Home » Posts tagged 'behaviour'
Tag Archives: behaviour
“Dementia Friends” is an initiative from the Alzheimer’s Society and Public Health England. In this series of blogpost, I take an independent look at each of the five core messages of “Dementia Friends” and I try to explain why they are extremely important for raising public awareness of the dementias.
That ‘Dementia is caused by diseases of the brain’ may seem like a pretty innocuous statement.
There have been numerous attempts at looking at the numbers of the different causes of dementia, varying in overall success over the years.
One study “Prevalence of dementia subtypes: A 30-year retrospective survey of neuropathological reports” came from Hans Brunnström, Lars Gustafson, Ulla Passant and Elisabet Englundemail in 2008.
The authors investigated the distribution of neuropathologically defined dementia subtypes among individuals with dementia disorder.
The neuropathological reports were studied on all patients (n?=?524; 55.3% females; median age 80, range 39–102 years) with clinically diagnosed dementia disorder who underwent complete post mortem examination including neuropathological examination within the Department of Pathology at the University Hospital in Lund, Sweden, during the years 1974–2004.
The neuropathological diagnosis was Alzheimer’s disease in 42.0% of the cases, vascular dementia in 23.7%, dementia of combined Alzheimer and vascular pathology in 21.6%, and frontotemporal dementia in 4.0% of the patients.
Different types of dementia (and factsheets about them) are summarised in this page from the Alzheimer’s Society.
Part of the problems with the statement comes from the definition of ‘dementia’.
For example, a WHO definition is provided thus:
“Dementia is a syndrome – usually of a chronic or progressive nature – in which there is deterioration in cognitive function (i.e. the ability to process thought) beyond what might be expected from normal ageing. It affects memory, thinking, orientation, comprehension, calculation, learning capacity, language, and judgement. Consciousness is not affected. The impairment in cognitive function is commonly accompanied, and occasionally preceded, by deterioration in emotional control, social behaviour, or motivation.”

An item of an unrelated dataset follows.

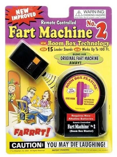 You can now FART wherever and whenever you’d like. This is your chance to impress or gross out your friends and family. This is the new and improved fart machine! The fart machine makes different fart sounds (SOUNDS SO REAL!). Fart Machine has boom box technology. what is this?? Well let’s just say these fart noises can’t sound any more real!

However academics and practitioners over the years have squabbled over the nuances of the definition. Should the definition compulsorily include memory in the early stages? Most people I think would agree ‘no’, if only because of the behavioural variant of frontotemporal dementia where individuals present with an insidious progressive change in behaviour and personality in the early stages can report no changes in their memory. And can it be reversible?
This is Prof John Hodges’ list of the dementias presented in the current Oxford Textbook of Medicine, which is helpful.

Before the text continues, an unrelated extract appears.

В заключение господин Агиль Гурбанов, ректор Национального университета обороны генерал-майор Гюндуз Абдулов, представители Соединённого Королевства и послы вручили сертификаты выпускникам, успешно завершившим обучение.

But problems in metabolism from the rest of the body can cause problems in brain function. The list is a long one, and an introduction to this topic here.
And antibodies raised in cancers which haven’t revealed themselves yet can cause a dementia-like picture.

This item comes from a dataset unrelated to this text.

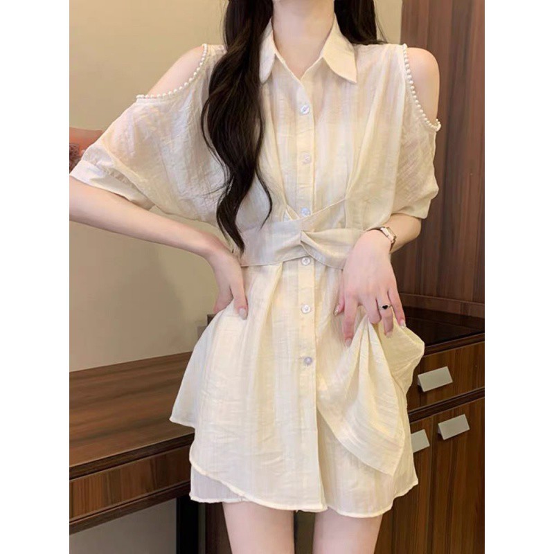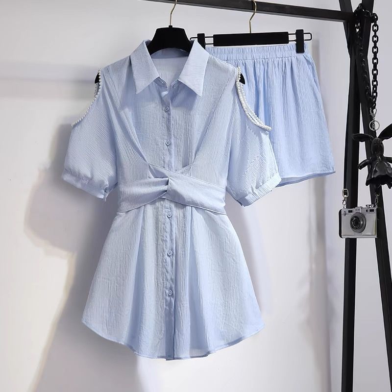| nameOriginal | Summer Western Style New Style Elegant Shirt suit Loose Off-shoulder Fashionable Sun Protection Flesh Cover Slimming Shorts Two-piece Set for Women |

Paraneoplastic limbic encephalitis (PLE) is a rare disorder characterized by personality changes, irritability, depression, seizures, memory loss and sometimes dementia.
This diagnosis is difficult because clinical markers are often lacking, and symptoms usually precede the diagnosis of cancer or mimic other complications.
A range of tumours outside of the brain can be implicated in this complicated conditions, including oesophagus, lung, bladder, colon, lung, thymus and breast.
This is for example a helpful summary table from Gultekin and colleagues in Brain. 2000 Jul;123 ( Pt 7):1481-94.
They can be associated with markers in the fluid surrounding the spinal cord, and in magnetic resonance imaging of the brain. But to call them “diseases of the brain” would be a massive over-simplification?
And there might not be a biological disease at all causing profound symptoms.
McKay and Kopelman’s article “Psychogenic amnesia: when memory complaints are medically unexplained” in Advances in psychiatric treatment (2009) [vol. 15, 152–158 doi: 10.1192/apt.bp.105.001586] is an extremely useful introduction.
Amnesia is a particular cognitive problem. Amnesia has been defined as ‘an abnormal mental state in which memory and learning are affected out of all proportion to other cognitive functions in an otherwise alert and responsive patient’ (Victor 1971).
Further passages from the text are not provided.